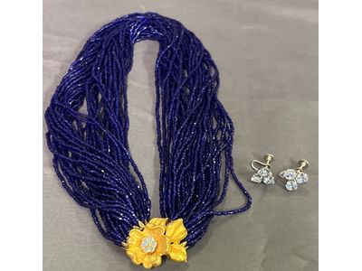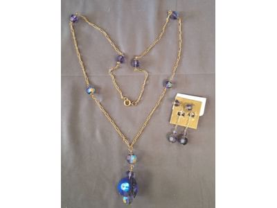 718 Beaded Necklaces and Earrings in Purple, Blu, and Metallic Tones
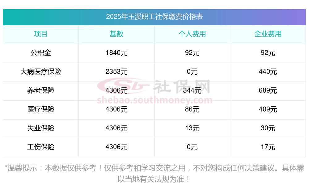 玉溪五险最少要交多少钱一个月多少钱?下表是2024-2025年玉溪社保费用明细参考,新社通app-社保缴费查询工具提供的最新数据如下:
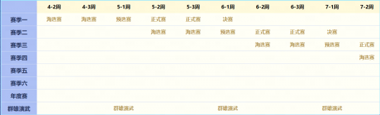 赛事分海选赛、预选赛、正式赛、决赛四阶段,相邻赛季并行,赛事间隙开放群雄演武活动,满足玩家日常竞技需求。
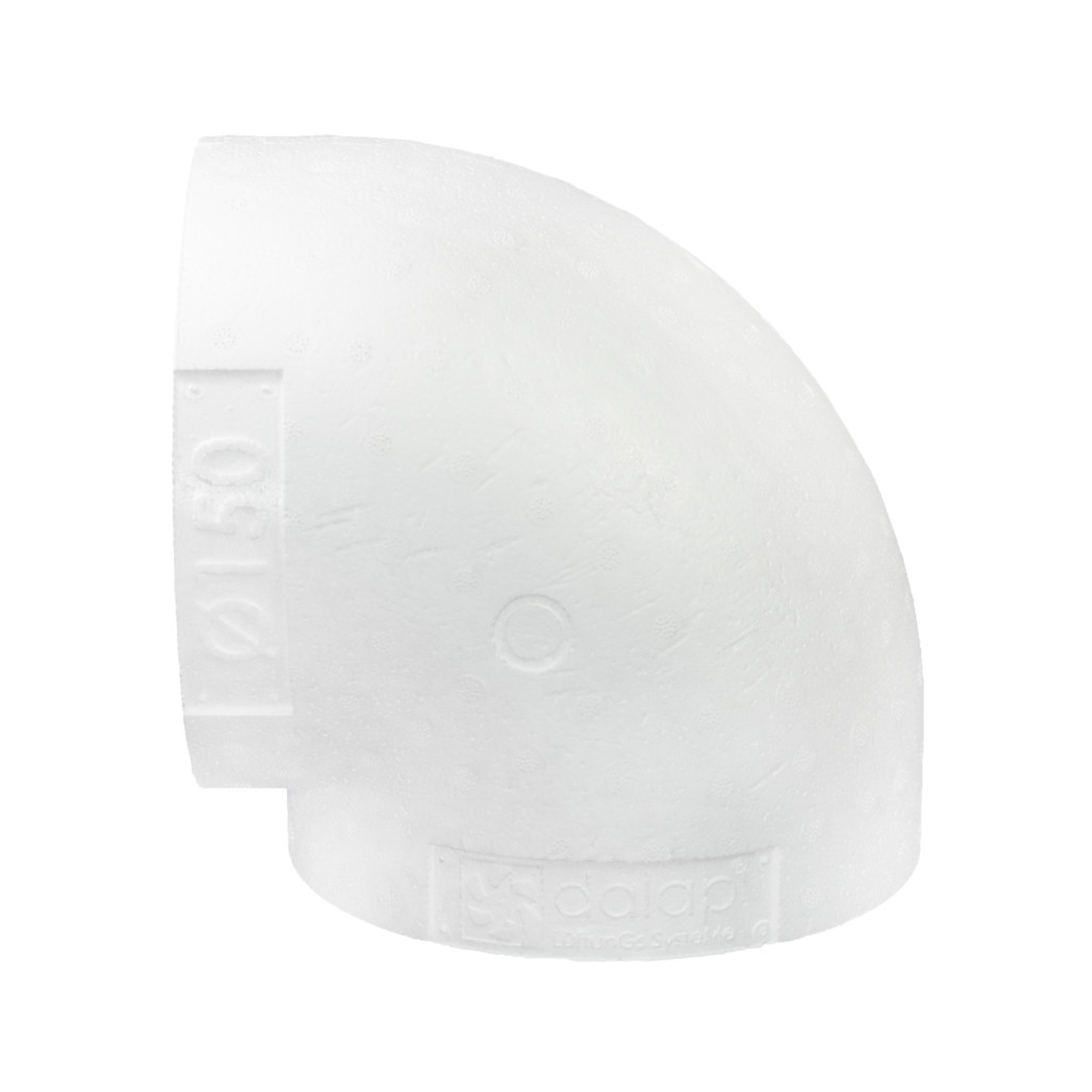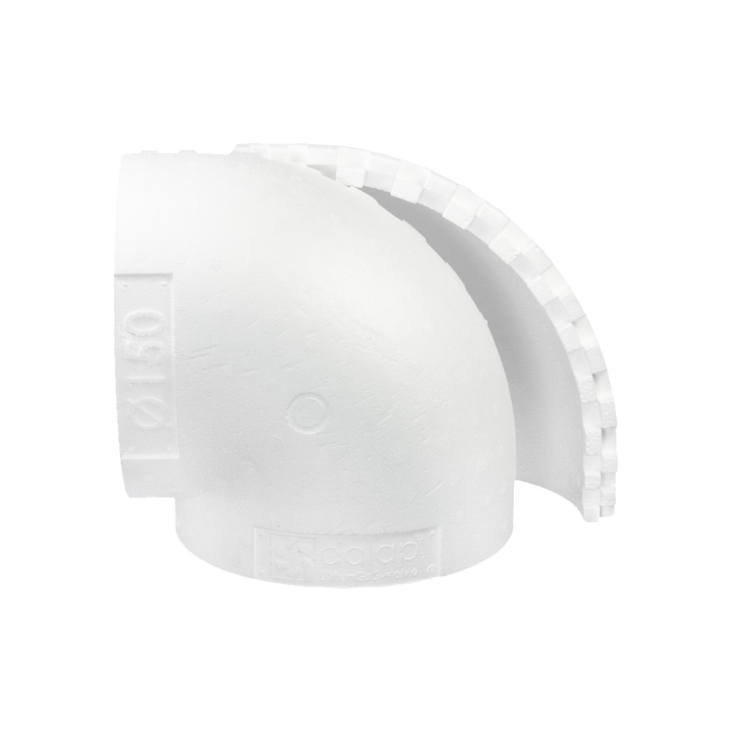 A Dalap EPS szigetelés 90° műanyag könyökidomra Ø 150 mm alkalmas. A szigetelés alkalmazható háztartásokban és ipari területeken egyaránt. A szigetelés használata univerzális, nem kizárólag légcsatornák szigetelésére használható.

● ● ● ● ●

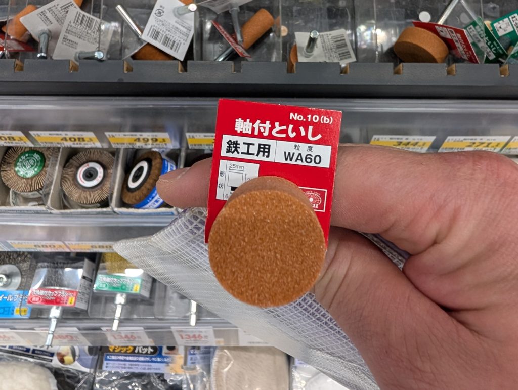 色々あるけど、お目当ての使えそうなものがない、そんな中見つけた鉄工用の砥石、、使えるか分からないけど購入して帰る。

● ● ● ● ●

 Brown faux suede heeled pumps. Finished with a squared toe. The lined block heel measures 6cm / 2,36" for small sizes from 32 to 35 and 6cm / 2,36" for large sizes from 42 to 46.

● ● ● ● ●

_GOAL OF THE EXERCISE_
Treat the line with "玉溪五险最少要交多少钱一个月" as the start and the line with "A Dalap EPS" as the end, and return exactly that span of the data above, both ends included, without pictures.

_TASK RESULT_
 玉溪五险最少要交多少钱一个月多少钱?下表是2024-2025年玉溪社保费用明细参考,新社通app-社保缴费查询工具提供的最新数据如下:
 赛事分海选赛、预选赛、正式赛、决赛四阶段,相邻赛季并行,赛事间隙开放群雄演武活动,满足玩家日常竞技需求。
 A Dalap EPS szigetelés 90° műanyag könyökidomra Ø 150 mm alkalmas. A szigetelés alkalmazható háztartásokban és ipari területeken egyaránt. A szigetelés használata univerzális, nem kizárólag légcsatornák szigetelésére használható.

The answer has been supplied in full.